Compliance is a team effort and requires buy-in and participation from all to succeed; and, as explained by the AHCA in its tenets for building an effective compliance program, a winning and cohesive compliance program requires a leader and oftentimes a designated compliance committee that is accountable and responsible for the development, operation, and monitoring of the compliance program.

Although you do want to overspend for a compliance officer, hiring or promoting the right person with the right experience and the right mentality is of paramount importance and is worth paying market value to have, unless circumstances dictate that you must do otherwise. An ineffective compliance officer will have minimal benefit and might even create ineffective compliance initiatives in your company that prove costly to reverse. Even worse, an ineffective compliance officer may end up leaving you liable for fines or lawsuits if they perform poorly.

Make sure that your designated compliance officer reports to and is accountable to the company’s executive leaders, and that he or she has the track record and experience to succeed – just know that you might have to pay for it, but that it is a worthwhile investment and will probably save you money in the long run.

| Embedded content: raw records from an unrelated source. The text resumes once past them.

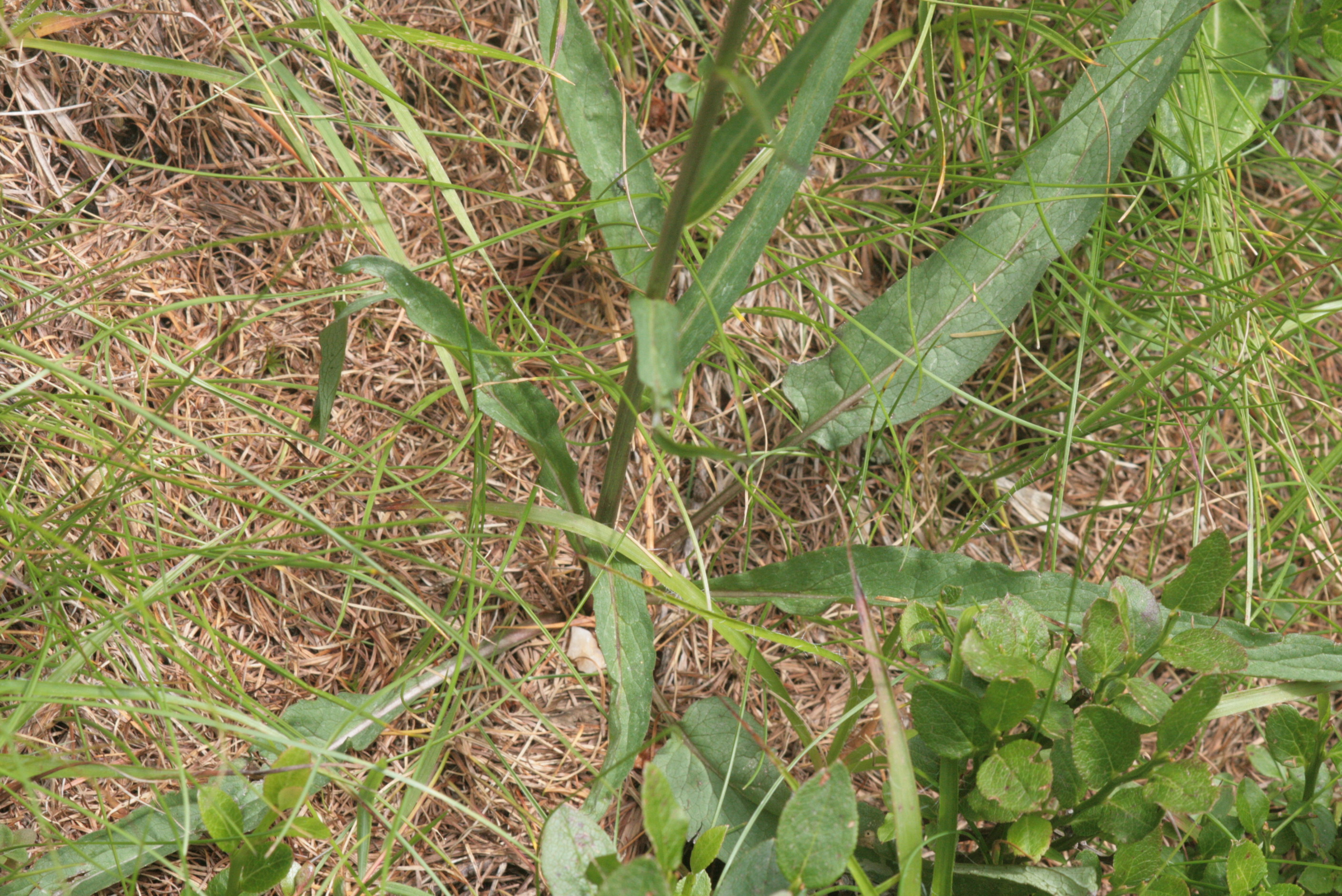 Phyteuma persicifolium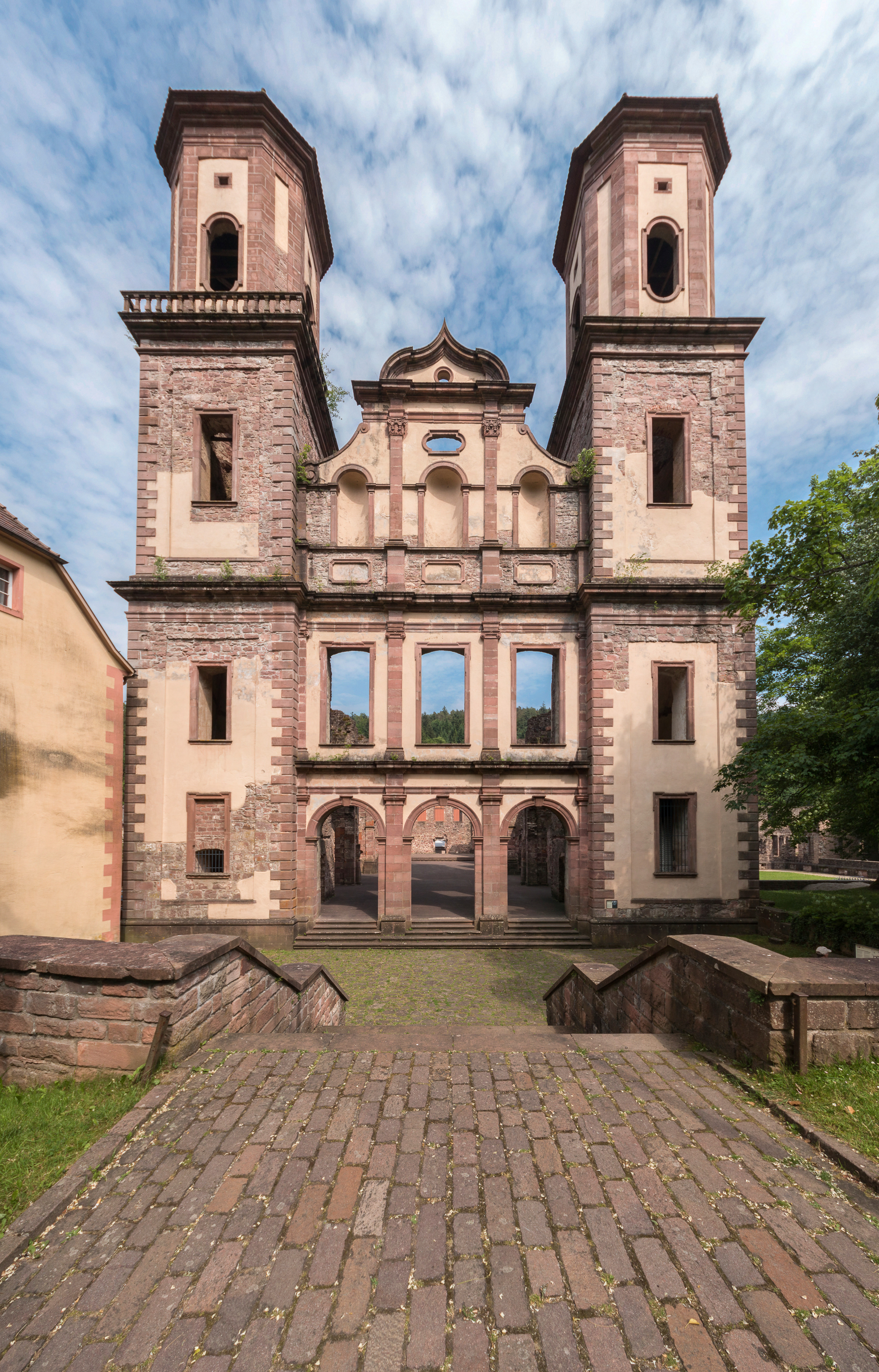 Ruins of Frauenalb Abbey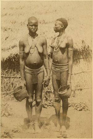 Madi women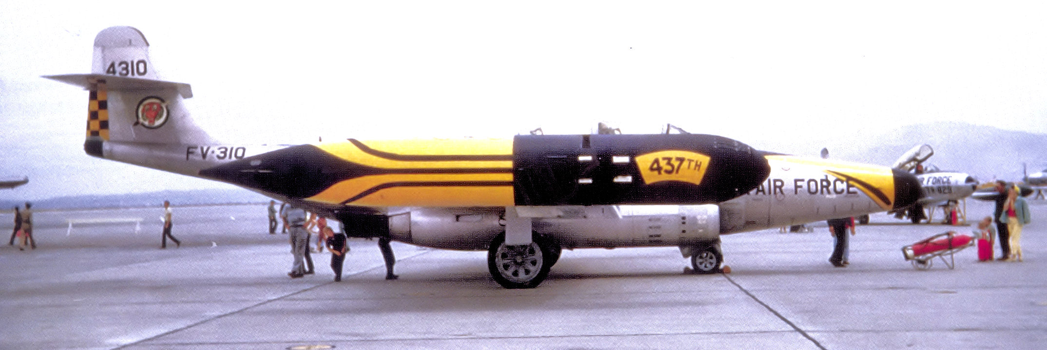 437th Fighter-Interceptor Squadron Northrop F-89H-1-NO Scorpion 54-310 1956 Stationed at Oxnard AFB, California. At Edwards AFB, California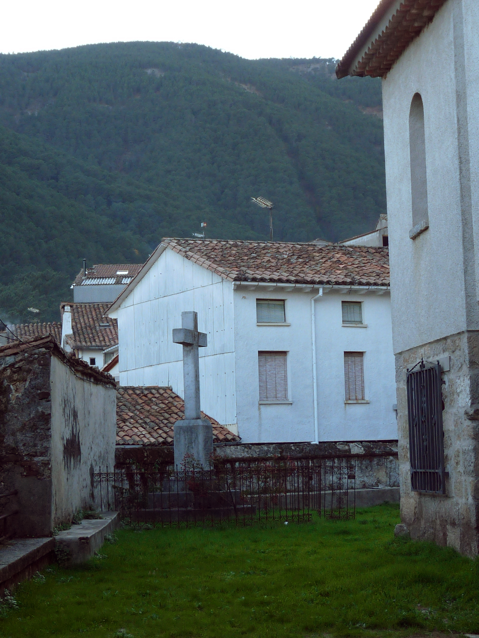 Cross, Guisando, province of Ávila, Castile and León, Spain.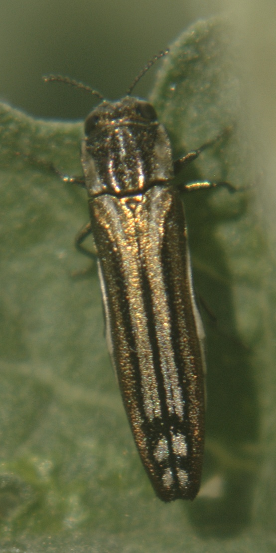 Jewel beetle of the species Agrilus aureus on leaf of Sphaeralcea angustifolia (as they apparently often are), Santa Cruz, New Mexico. Thanks to V. Belov and Kyle Schnepp at for identification.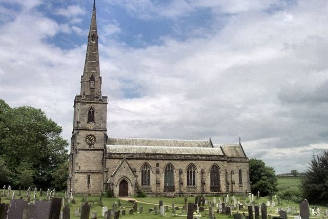 St George's parish church, Ticknall, Derbyshire, seen from the south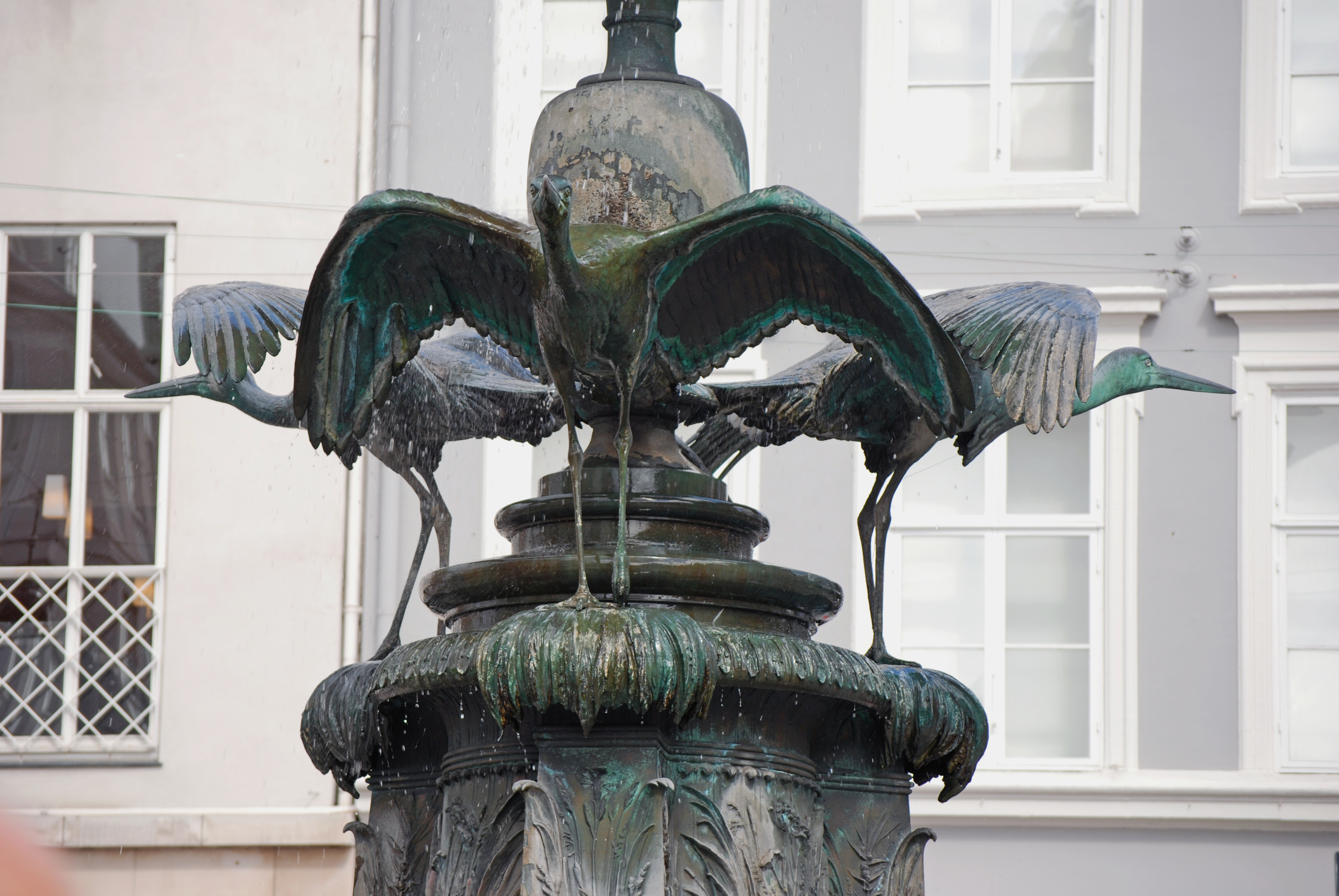 Detail from the Stork Fountain on Amagerplads in Copenhagen, Denmark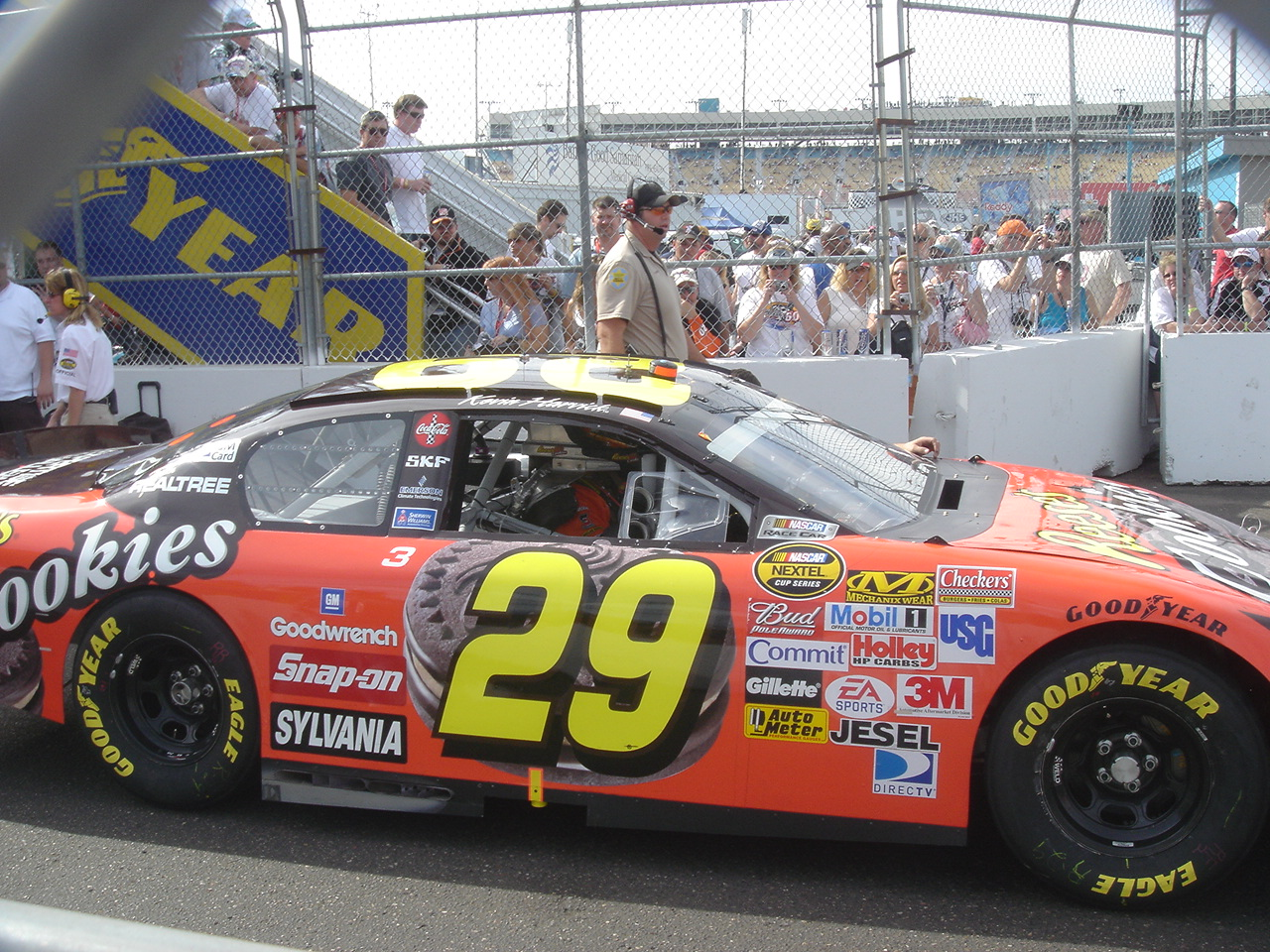 Kevin Harvick in the garage at Phoenix International Raceway during "Happy Hour" practice, November 11, 2006.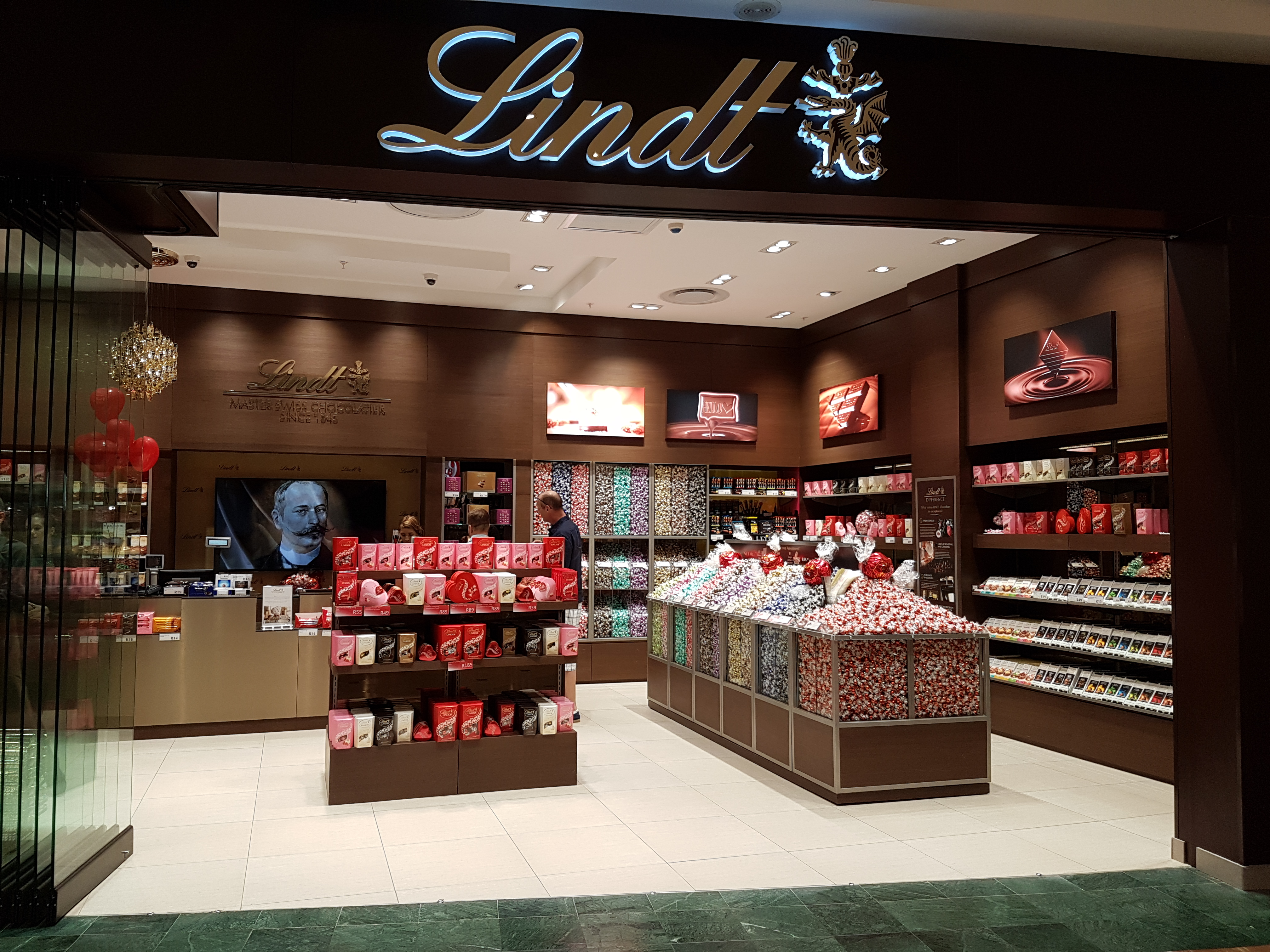 Lindt Store in Canal Walk mall, Cape Town.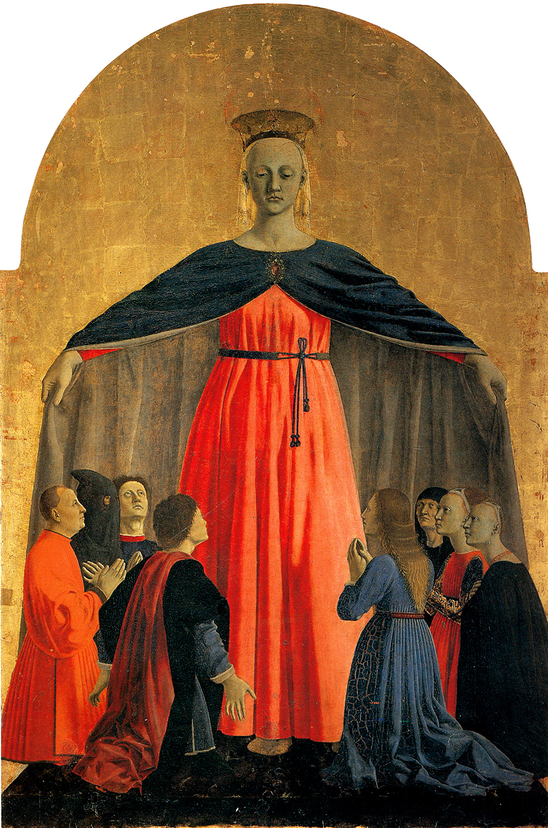 Polyptych of Misericordia: Madonna of Misericordia Piero della Francesca Tempera and oil on panel, 134 x 91 cm Sansepolcro, Museo Civico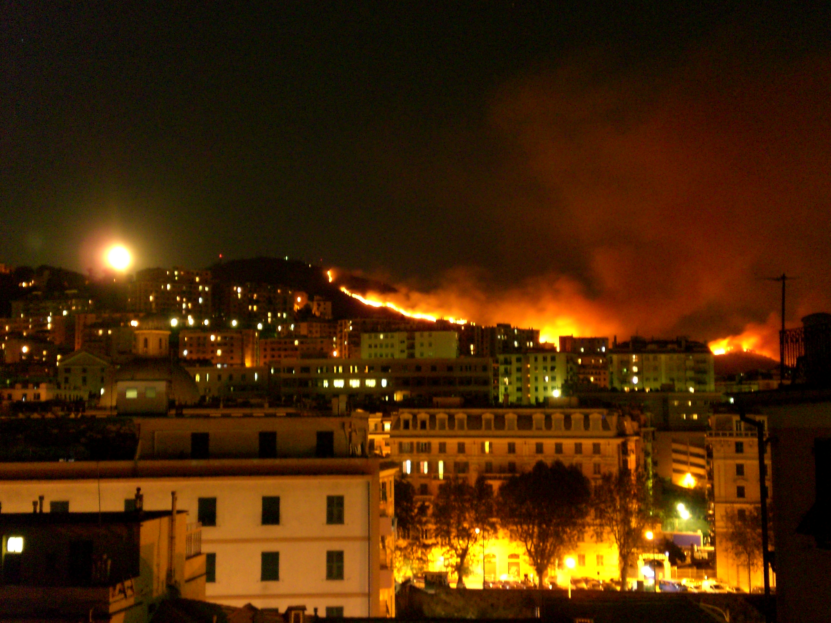 Bush fire close to the Italian city of Genoa in September 2009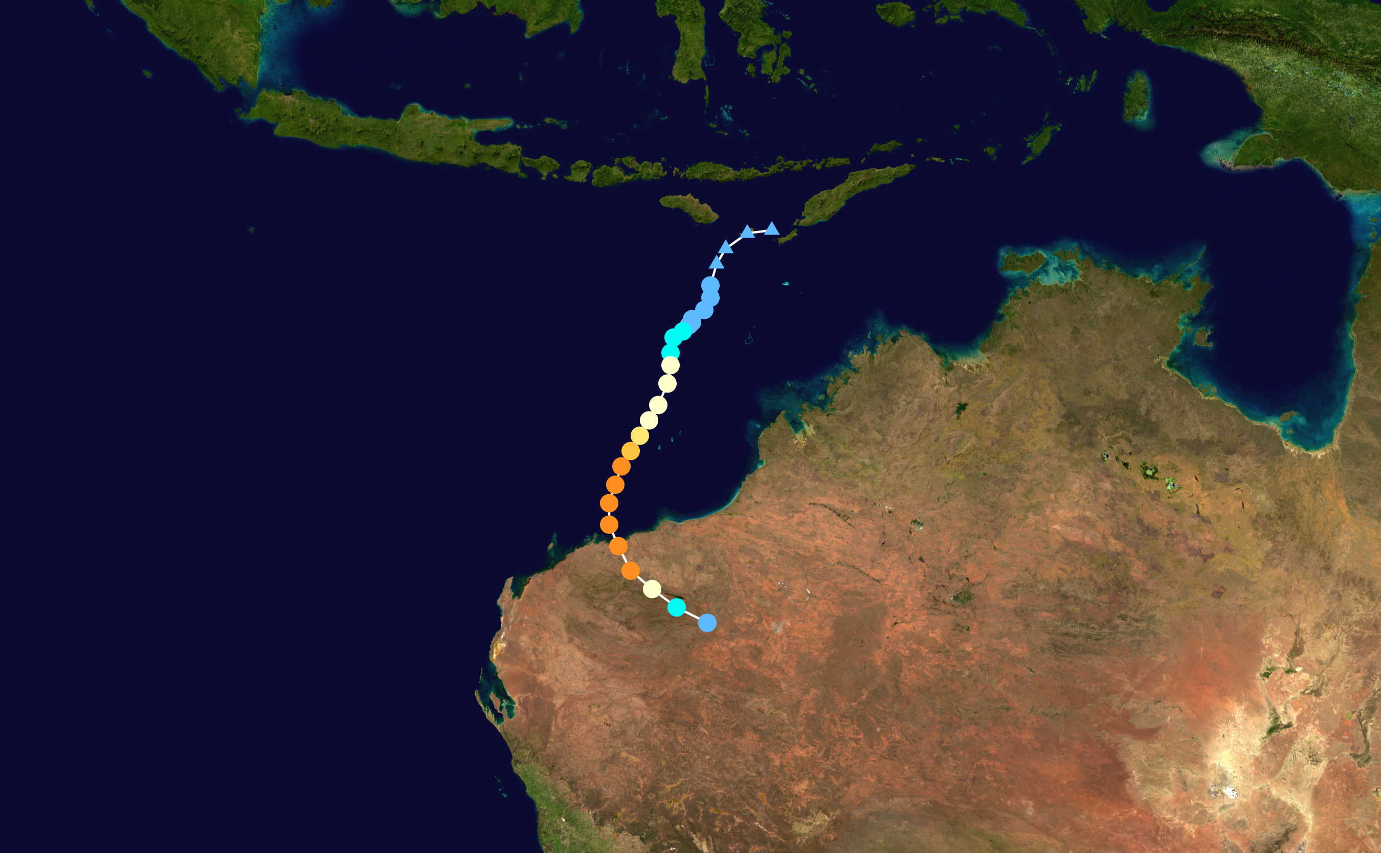 Track map of Severe Tropical Cyclone John of the 1999-00 Australian region cyclone season. The points show the location of the storm at 6-hour intervals. The colour represents the storm's maximum sustained wind speeds as classified in the Saffir–Simpson scale (see below), and the shape of the data points represent the nature of the storm, according to the legend below. Saffir–Simpson scale Tropical depression≤38 mph≤62 km/h Category 3111–129 mph178–208 km/h Tropical storm39–73 mph63–118 km/h Category 4130–156 mph209–251 km/h Category 174–95 mph119–153 km/h Category 5≥157 mph≥252 km/h Category 296–110 mph154–177 km/h Unknown Storm typeTropical cycloneSubtropical cycloneExtratropical cyclone / Remnant low / Tropical disturbance

If you are not immediately ready for the step of identifying and hiring a Chief Compliance Officer, whether for financial reasons or because your compliance program has not yet evolved to such a level, consider forming a voluntary compliance committee with an elected chairperson. This will allow your compliance program to get on its feet and grow organically. Then, once you are in a better position to identify and invest in hiring a full-time compliance leader, you will better understand what skills and personality traits will be the right fit for your organization.

Invest in Your Code of Conduct

Sven Erik Holmes, the Executive Vice Chair of Legal Compliance for KPMG, penned “The Road to a Model Ethics and Compliance Program” for Ethisphere in which he perfectly summed up the importance of the Code of Conduct:

“A key element of any ethics and compliance program is the code of conduct, which sets forth the organization’s core values, ethical standards and expectations. Because of a code’s critical role, it needs to be clear and relevant to every person in the organization.”

We all know that when it comes to training or consulting, one-to-many is a much more efficient strategy as compared to one-to-one. Your Code of Conduct is unquestionably the most consistent and relevant one-to-many opportunity you will have to communicate your organization’s ethics and compliance values to every person you employ, and even to those outside of the organization.

In some cases organizations will push back on a Code of Conduct as they feel it is too rigid of a concept for their corporate culture. In this case, the elements of a Code of Conduct can be outwardly communicated to employees and partners through a defined corporate mission statement, a business values document, or even documented best practices. Regardless of how you communicate it, do not take the development or revision of your Code of Conduct lightly.

Enlist a point man or woman for the writing or revision process – probably the Chief Compliance Officer or the compliance committee chairperson – and then help he or she solicit insight and input from other key decision-makers and tone-setters in the organization. Encourage a collaborative and cooperative process. Then, once the code is completed, ensure that the “tone at the top” matches the “tone in the code”.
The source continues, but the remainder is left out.